The cloud-native orchestrator for the whole development lifecycle, with integrated lineage and observability.

dagster

Hello experts,
I have a question about the best practice when working with SQL databases.
Let's imagine I want to insert some data returned by some public API into SQLite.
I can think of two ways of doing this:
1. Define an op to run the sql insert or update queries
2. Define an io manager to do the same.
Is there a preferred way?

These are both valid options.  The advantage of the I/O manager option:
• Makes it easier to test your function without writing to your production database
• Less boilerplate if you have many ops that could make use of the same I/O manager
The advantage of the inside-your-op option:
• Less boilerplate if you only have one or two ops that could make use of the I/O manager

Thanks for your comment!
That makes sense. I am leaning toward the IO Manager mainly because I can mock the database for testing.
Is it possible to yield RunRequest from inside the IO Manager? My intent here is to run different processes for the newly added rows vs the rows that have updated value -- based on some key column.
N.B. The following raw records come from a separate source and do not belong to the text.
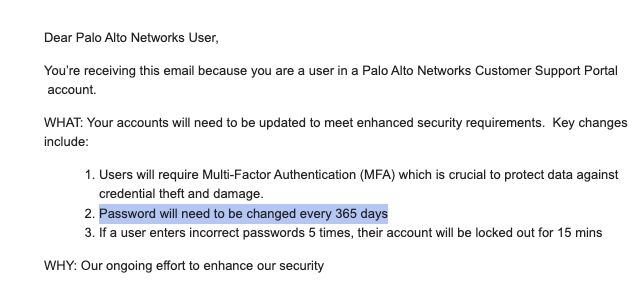 How are we going to ever convince people that forced password rotation is a bad thing when @PaloAltoNtwks introduces it as a new security measure in 2022? @thorsheim
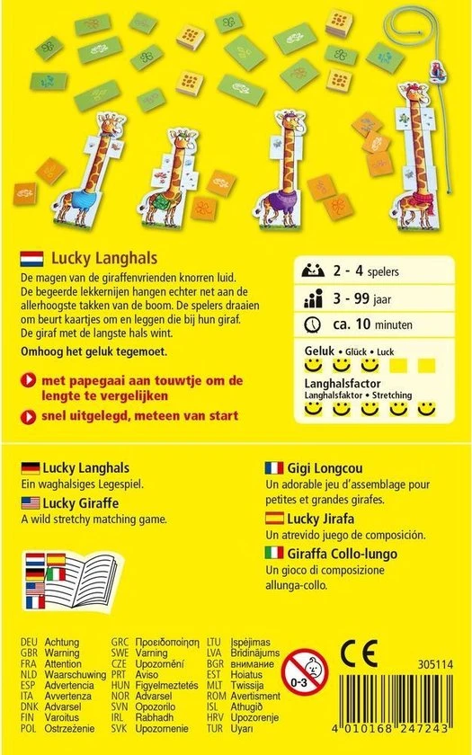 - Inhoud: 4 giraffenkoppen, 4 giraffenlichamen, 24 halskaartjes, 1 papegaai, 1 touwtje, 24 symboolkaartjes,1 handleiding.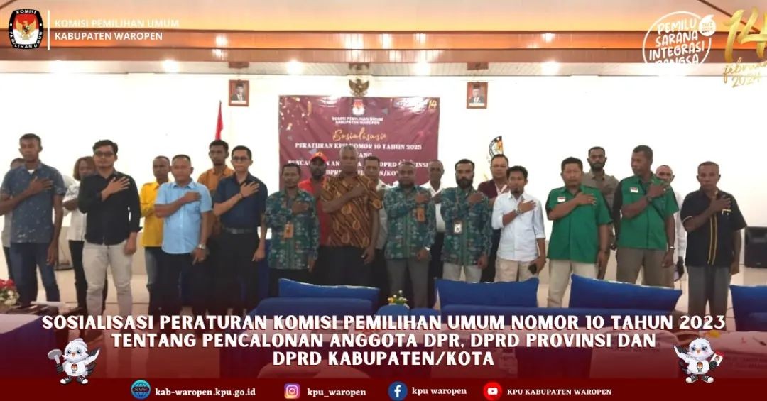#TemanPemilih, KPU Kabupaten Waropen melaksanakan Sosialisasi Peraturan Komisi Pemilihan Umum Nomor 10 tahun 2023 tentang, Pencalonan Anggota Dewan Perwakilan Rakyat, Dewan Perwakilan Rakyat Daerah Provinsi dan Dewan Perwakilan Rakyat Daerah Kabupaten/Kota.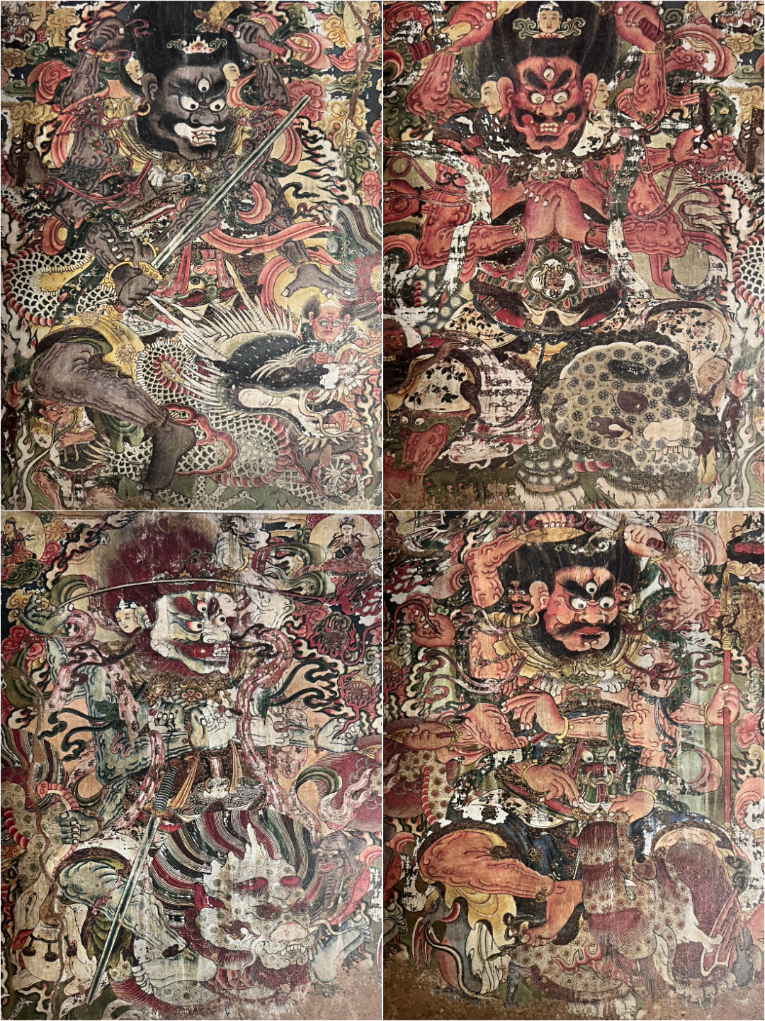 在我看来,永安寺的壁画最大特色就是融合了多种宗教元素,藏、道、萨、佛等。最耀眼的当属北侧山墙上的十尊明王像。

&gt; That makes sense. I am leaning toward the IO Manager mainly because I can mock the database for testing.
That sounds sensible
&gt; Is it possible to yield RunRequest from inside the IO Manager? My intent here is to run different processes for the newly added rows vs the rows that have updated value -- based on some key column.
That's not currently possible. If you wanted to launch a run from the I/O manager, the best way would probably be with the GraphQL client: <https://docs.dagster.io/concepts/dagit/graphql-client#submitting-a-job-run>

Gotcha!
The GraphQL path seems a bit hacky to me. Maybe a better approach is to define a few more ops/assets and break down things further.